The following code chunk uses the second element to visualize the subsequences in each motif discovered in WCC.
for(i in 1:length(data.wcc$data.2)) {
    data.temp <- data.wcc$data.2[[i]]
    print(ggplot(data = data.temp) +  
        geom_line(aes(x = Time, y = Value, color=Instance, linetype=Instance)) +
        xlab("Time (15-min)") + ylab("WCC Power Consumption (kW)") + ggtitle(paste0("WCC Motif ",i)) +
        scale_y_continuous(limits=c(0,max(data.temp$Value))) +
        theme(panel.background=element_rect(fill = "white", colour = "black"),
              legend.position="none",
              legend.title=element_blank()))    
}
 
 
 
 
 
 
The following code chunk uses the second element to visualize the subsequences in each motif discovered in AHU.
for(i in 1:length(data.ahu$data.2)) {
    data.temp <- data.ahu$data.2[[i]]
    print(ggplot(data = data.temp) +  
              geom_line(aes(x = Time, y = Value, color=Instance, linetype=Instance)) +
              xlab("Time (15-min)") + ylab("AHU Power Consumption (kW)") + ggtitle(paste0("AHU Motif ",i)) +
              scale_y_continuous(limits=c(0,max(data.temp$Value))) +
              theme(panel.background=element_rect(fill = "white", colour = "black"),
                    legend.position="none",
                    legend.title=element_blank()))    
}
 
 
 
 
 
 
 
#Section 3: Multivariate motif discovery
In this section, the univariate motifs discovered in Section 2 are used to identify multivariate motifs. The function \emph{Func.motif.multivariate} is used to perform this task. The method was proposed by Vahdatpour, Amini and Sarrafzadeh in 2009. The method can successive identify both synchronous and non-synchronous multivariate motifs. Interested users may read their paper for detailed information.
Basically, the function \emph{Func.motif.multivariate} relies on the results of univariate motifs. The first argument of the function takes a list, which has a length of the data dimension. Each element in the list is again a list, which contains the starting position of the subsequences of each motif (this can be extracted from the result returned by function \emph{Func.motif}). The second argument is a vector specifying the window size used to create subsequences in each data dimension. The third argument specifies the minimum correlation threhold before two univariate motifs are considered as a multivariate motif.

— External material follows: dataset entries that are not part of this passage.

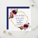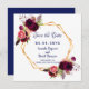 Eine elegante und romantische Hochzeit Speichern Sie die Date-Karte. Ein geometrisch geformter Rahmen in goldfarbenem Rahmen mit Bohemischen, boho-farbenen Rose, Blume in Bordeaux und Rosa. Vorlagen für Ihre Namen, Datum und Ort der Hochzeit. Weißer Hintergrund vorne. Marinebriefe Zurück: marineblau farbener Hintergrund.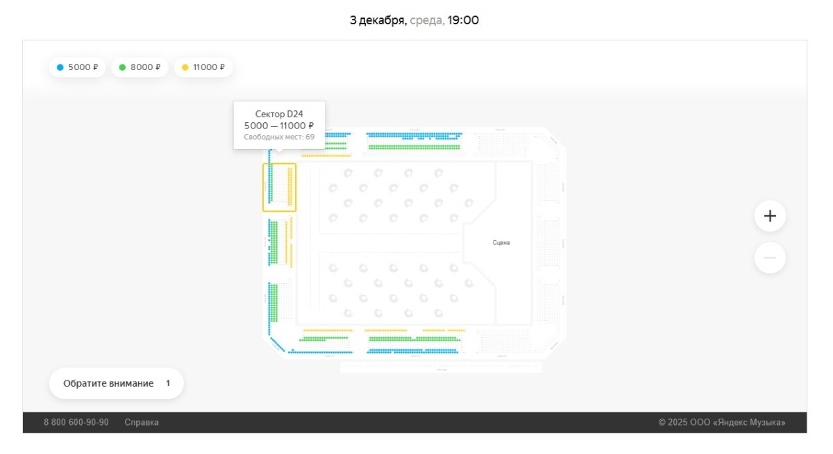 Стоимость одного билета стартует от ₽5 тыс. за обычное место и доходит до ₽11 тыс. за первые ряды. Тикет средней стоимости на 13-15 ряды можно приобрести за ₽8 тыс.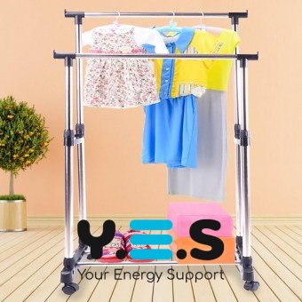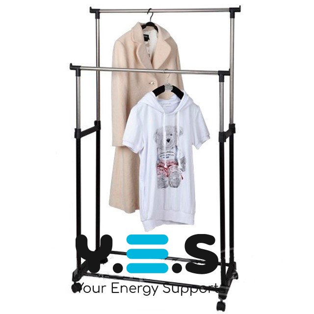 Телескопічна подвійна стійка-вішалка Double Pole Clothes Horse — зручне рішення для організації одягу та взуття вдома, у гардеробній або в магазині. Подвійна конструкція з телескопічним регулюванням дозволяє раціонально використовувати простір, а нижня зона підходить для розміщення взуття. Вішалка розрахована на щоденне використання та забезпечує надійне зберігання речей.

The following code chunk performs the multivariate motif discovery using the result from Section 2.
res.multi <- Func.motif.multivariate(motif.list = list(res.wcc$Indices, res.ahu$Indices), window.sizes = c(24,24), alpha = .7)
## ===========================================================================
The result can be visualized with the help of function \emph{Func.visual.MultiMotif}. When using this function, a parameter called \emph{index} should be defined. It specifies the No. of multivariate motifs to be considered. The object returned by \emph{Func.visual.MultiMotif} is a data frame containing the information of each multivariate motif. The results can be best presented using the \emph{ggplot2} package. The following graph presents the third multivariate motif. It shows that univariate motif 2 and 9 form a multivariate motif. Univariate motif 2 is from the time series of WCC power consumption (i.e., WCC motif 2) and univariate motif 9 is from the time series of AHU power consumption (i.e., AHU motif 3).
#Focus on the third multivariate motif
data.multi <- Func.visual.MultiMotif(data = BuildOperation[,c("WCC","AHU")], multi.motifs = res.multi, index = 3)
## Joining by: Index.adj
ggplot(data = data.multi, aes(x = T, y = X)) + geom_line() + geom_point(aes(col=Lab, shape=Lab)) + facet_grid(Facet~.) +
    theme(panel.background=element_rect(fill = "white", colour = "black"), 
          legend.title=element_blank(),
          legend.position="top")